# Work to complete:
Write again exactly the lines in the listing below, starting at the line with "Zur Europawahl gehen" and ending at the line with "Джемпер с квадратной", both included. Pictures are not copied.

# Supplied data:
.....

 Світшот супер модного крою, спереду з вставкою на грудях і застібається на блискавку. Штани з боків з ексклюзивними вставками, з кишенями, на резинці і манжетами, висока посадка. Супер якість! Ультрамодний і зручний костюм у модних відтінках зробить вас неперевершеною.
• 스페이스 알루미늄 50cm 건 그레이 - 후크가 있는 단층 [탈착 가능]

.....

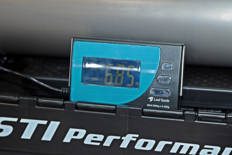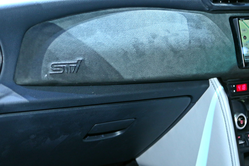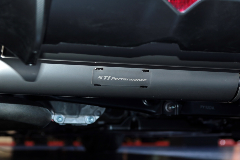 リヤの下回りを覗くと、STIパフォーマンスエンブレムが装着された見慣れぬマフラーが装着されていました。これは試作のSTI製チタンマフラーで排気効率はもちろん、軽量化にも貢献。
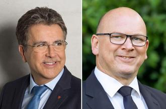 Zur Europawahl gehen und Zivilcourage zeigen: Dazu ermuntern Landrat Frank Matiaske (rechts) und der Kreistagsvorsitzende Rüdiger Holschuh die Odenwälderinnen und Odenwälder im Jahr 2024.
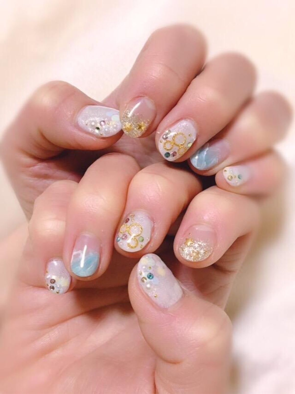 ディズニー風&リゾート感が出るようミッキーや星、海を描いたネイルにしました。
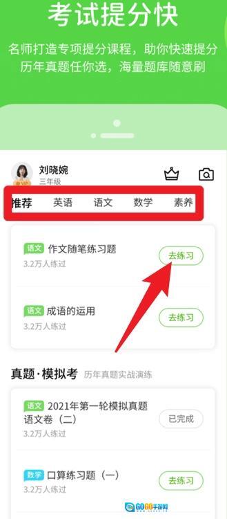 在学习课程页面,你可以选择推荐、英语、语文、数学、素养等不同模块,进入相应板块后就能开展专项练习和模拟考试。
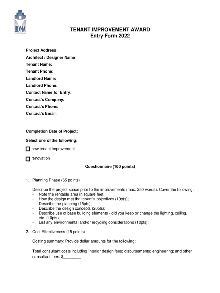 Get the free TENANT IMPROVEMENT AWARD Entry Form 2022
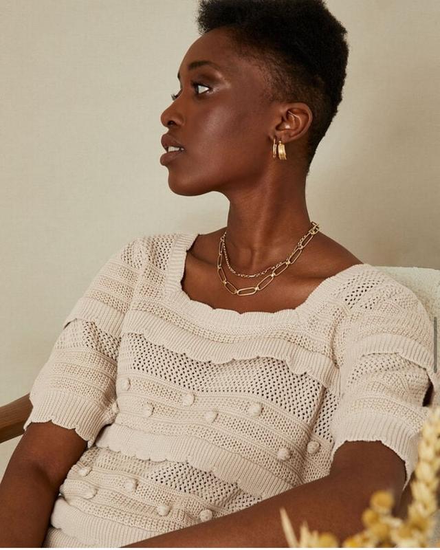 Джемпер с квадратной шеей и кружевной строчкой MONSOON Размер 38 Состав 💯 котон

.....

# Answer to the problem:
 Zur Europawahl gehen und Zivilcourage zeigen: Dazu ermuntern Landrat Frank Matiaske (rechts) und der Kreistagsvorsitzende Rüdiger Holschuh die Odenwälderinnen und Odenwälder im Jahr 2024.
 ディズニー風&リゾート感が出るようミッキーや星、海を描いたネイルにしました。
 在学习课程页面,你可以选择推荐、英语、语文、数学、素养等不同模块,进入相应板块后就能开展专项练习和模拟考试。
 Get the free TENANT IMPROVEMENT AWARD Entry Form 2022
 Джемпер с квадратной шеей и кружевной строчкой MONSOON Размер 38 Состав 💯 котон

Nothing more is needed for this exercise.